Wednesday,
August 14, 2002
By KIERAN GRANT -- Toronto
Sun
The Red Hot Chili Peppers may be into yet another victory lap in
the wake of their latest hit album By The Way.
But
guitarist John Frusciante's work won't be done until he finishes
the album's "spiritual companion piece" -- namely, a solo
project he began work on at the same time.
"It
still doesn't feel like the cycle is complete yet," Frusciante
is saying during the Chili Peppers' recent visit to promote By The
Way.
'REAL
ENGINEERS'
"My
energies were equally distributed between By The Way and this other
album which isn't recorded yet. A lot of them were written at the
same time. Both projects represented two sides of that period of
time equally."
Unlike
Frusciante's three previous solo albums, including last year's To
Record Only Water For Ten Days, the new disc will be recorded in
a "real studio with real engineers" instead of at home.

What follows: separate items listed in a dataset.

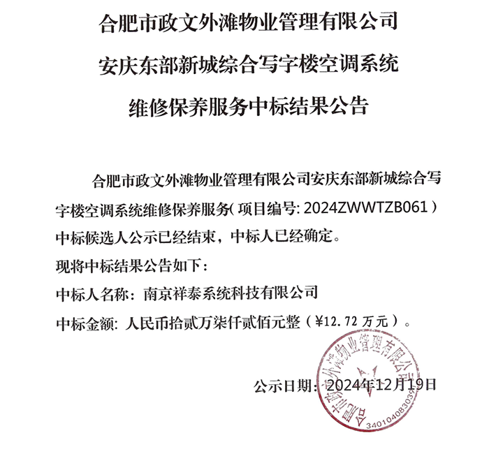 合肥市政文外灘物業(yè)管理有限公司安慶東部新城綜合寫字樓空調(diào)系統(tǒng)維修保養(yǎng)服務中標結(jié)果公告
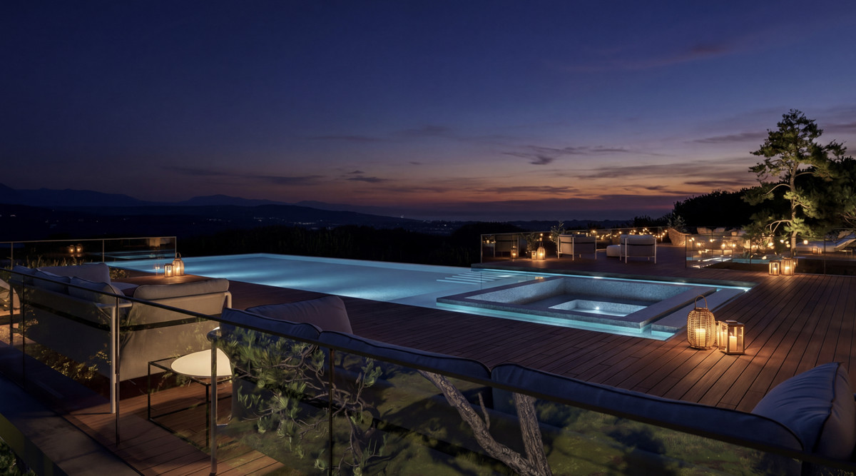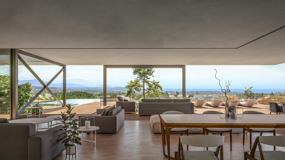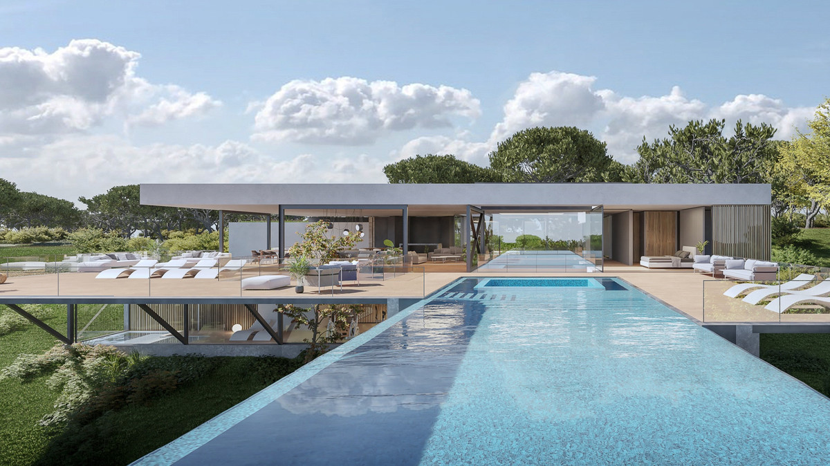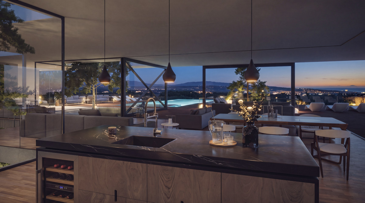 La villa s'étend sur plusieurs niveaux, avec un espace de vie lumineux et ouvert au dernier étage. Ce niveau donne directement sur une terrasse couverte et des espaces extérieurs offrant une vue panoramique. Le niveau inférieur abrite les suites parentales et est accessible par ascenseur ou par escalier. La conception permet également d'ajouter des options telles qu'une piscine intérieure et une salle de sport privée, selon vos besoins.
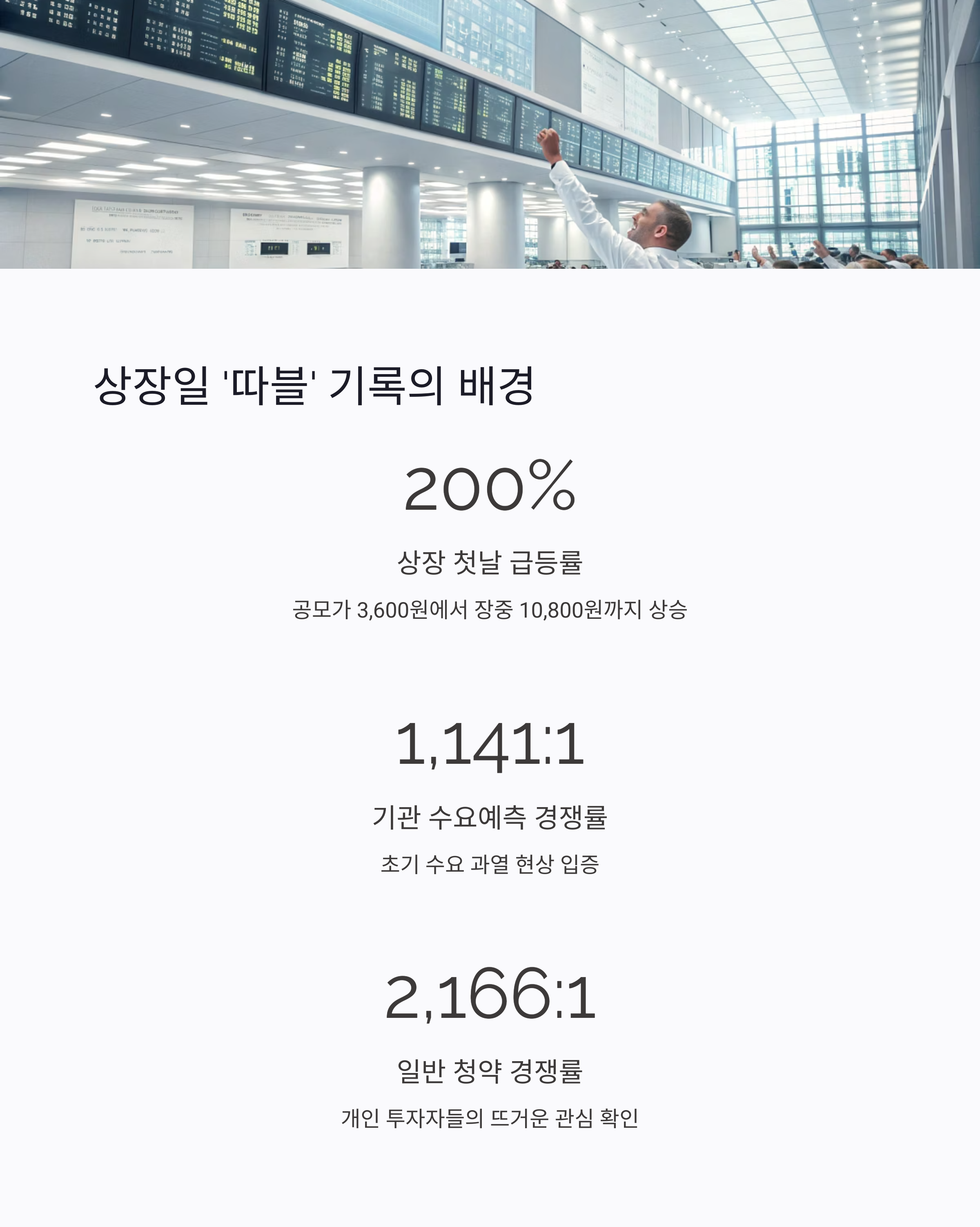 이러한 급등세는 기관 수요예측 경쟁률 1,141대 1, 일반 청약 경쟁률 2,166대 1이라는

It'll also be issued under a band name.
"We
haven't figured out what yet," he says. "It's actually
a collaboration between me and a friend of mine named Josh Klinghoffer,
who's 22 years old. Most of the songs are things that I wrote on
my own, but with what he gives to the songs as a drummer and a singer,
it's the same as if we wrote the songs together.
"My
last record, To Record Only Water, was sort of mechanical. This
record is going to be very human. It'll be a good blend of warm
human sounds and really cold electronic sounds, each captured by
two separate engineers -- one to engineer the electronic things,
and the other to do the live recording."
Frusciante
has frequently been cited as an integral component in the Chili
Peppers. Having replaced original guitarist Hillel Slovak, who died
of a heroin overdose in 1988, he was present for the L.A. band's
commercial breakthrough Mother's Milk in 1989, and the 1991 smash
BloodSugarSexMagic. He quit the band in 1992, apparently sending
them into a creative drought while he himself spun out in a drug
haze -- but cleaned up and rejoined for 1999's Californication.
Frusciante
only takes credit for revitalizing the Chili Peppers in that "it's
the result of chemistry, the combination of us playing together.

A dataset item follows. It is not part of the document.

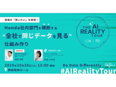 INSIGHT LAB株式会社(本社:東京都新宿区、代表取締役 社長 CEO:遠山 功、証券コード:227A、以下、当社)は、2025年10月28日(火)に神田明神ホールで開催される「The AI Reality Tour Tokyo 2025」(主催:クリックテック・ジャパン株式会社)に出展し、パートナー講演および展示ブースにて、当社が支援した本田技研工業株式会社(以下、Honda)の部門横断DX事例をご紹介いたします。
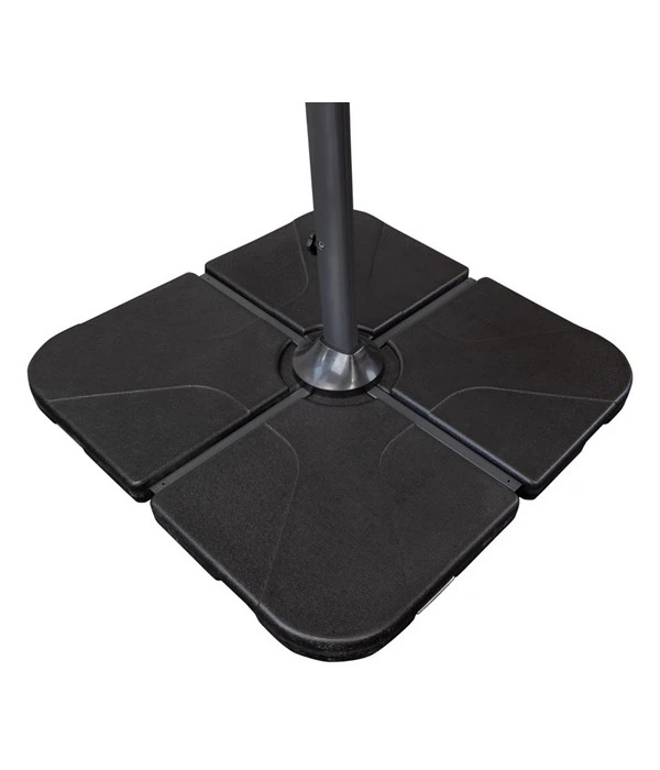 Die variabel füllbaren Schirmgewichte eignen sich hervorragend zum Beschweren kreuzförmiger Schirmständer aller Art, insbesondere auch für Ampelschirme und andere große Sonnenschirme. Leer sind die einzelnen Kunststoffmodule mit jeweils nur gut 2 kg dank der versenkbaren seitlichen Tragegriffe leicht zu transportieren. Bei Frostgefahr im Winter können Sie die wassergefüllten Gewichte gegebenenfalls einfach entleeren. Im Gegensatz zu herkömmlichen Steinplatten können bei diesen Beschwerungselementen gerade auch kleinere Kinder durch die abgerundete Form sicher am Boden spielen. Bestellen Sie zu den praktischen Beschwerplatten ein passendes Standkreuz doch gleich dazu. Dann steht der Gartenparty nichts mehr im Weg!

I play a certain way in this band that I can't repeat outside of
it."
Still,
a seemingly boundless creative drive has spurred him to find different
outlets outside of the group, with remarkably different musical
results.
"In
the Chili Peppers, those guys only want to rehearse three or four
hours a day at the most," he says. "I have a lot more
energy than that. When we were making By The Way, I would wake up
in the morning, do my yoga, practise guitar by playing along with
records and learning things from them, getting ideas for songs.